Consider the following circuit…
simulate this circuit – Schematic created using CircuitLab
Now suppose the resistor has infinite resistance. Then obviously the current through the resistor will be zero. Now if we apply Ohm's law to this situation then the voltage drop across the resistor will be zero (since the current through the resistor is zero). So it means that the points A and B are at the same potential. But that's not possible since a resistor with infinite resistance will drop all the voltage across it. Isn't it? So is Ohm's law violating itself?
Best Answer
You are confused about what the concept of infinity means. Infinity isn't a number that can ever actually measure a quantity of something, like resistance, because it's not a real number. As Wikipedia aptly puts it:
When we talk about an "infinite" resistance, what we are really considering is this: as the resistor gets arbitrarily large, what does something (current, voltage, etc) approach?
For example, we can say that as the resistance gets arbitrarily large, current gets arbitrarily small. That is, it approaches zero:
$$ \lim_{R\to\infty} \frac{15\mathrm V}{R} = 0\mathrm{A} $$
That's not the same as saying the current is zero. We can't ever increase R all the way to infinity, so we can't ever decrease current to zero. We can just get arbitrarily close. That means you can't now do this:
$$ \require{cancel} \cancel{0\mathrm A \cdot \infty \Omega = ?}$$
This is a bit of a mathematical contradiction by most definitions of infinity, anyhow. Most numbers, when multiplied by an arbitrarily large number, approach infinity. But, anything multiplied by zero is zero. So when you multiply zero by an arbitrarily large number, what do you get? I haven't a clue. Read more about it on Mathematics.SE: Why is Infinity multiplied by Zero not an easy Zero answer?

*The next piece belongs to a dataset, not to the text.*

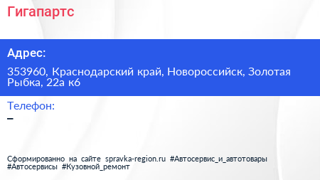 Гигапартс по адресу 353960, Краснодарский край, Новороссийск, Золотая Рыбка, 22а к6 в дальнейшем Организация, размещена в следующих категориях:

You could ask, as the current becomes arbitrarily small, what does the resistance approach?
$$ \lim_{I\searrow 0} \frac{15\mathrm V}{I} = \infty \Omega $$
However, if you look closely, you will notice that if \$I = 0\$, then you are dividing by zero, which is your hint you are approaching something that can't happen. This is why we must ask this question as a one sided limit.
Leaving the realm of mathematics, and returning to the realm of electrical engineering, what do you really get if you remove the resistor from that circuit, and leave it open? What you have now is more like this circuit:
simulate this circuit – Schematic created using CircuitLab
C1 represents the (extremely small) capacitance between the two wires that aren't connected. Really, it was there all along but wasn't significant until the resistance went away. See Why aren't wires capacitors? (answer: they are) and everything has some capacitance to everything else.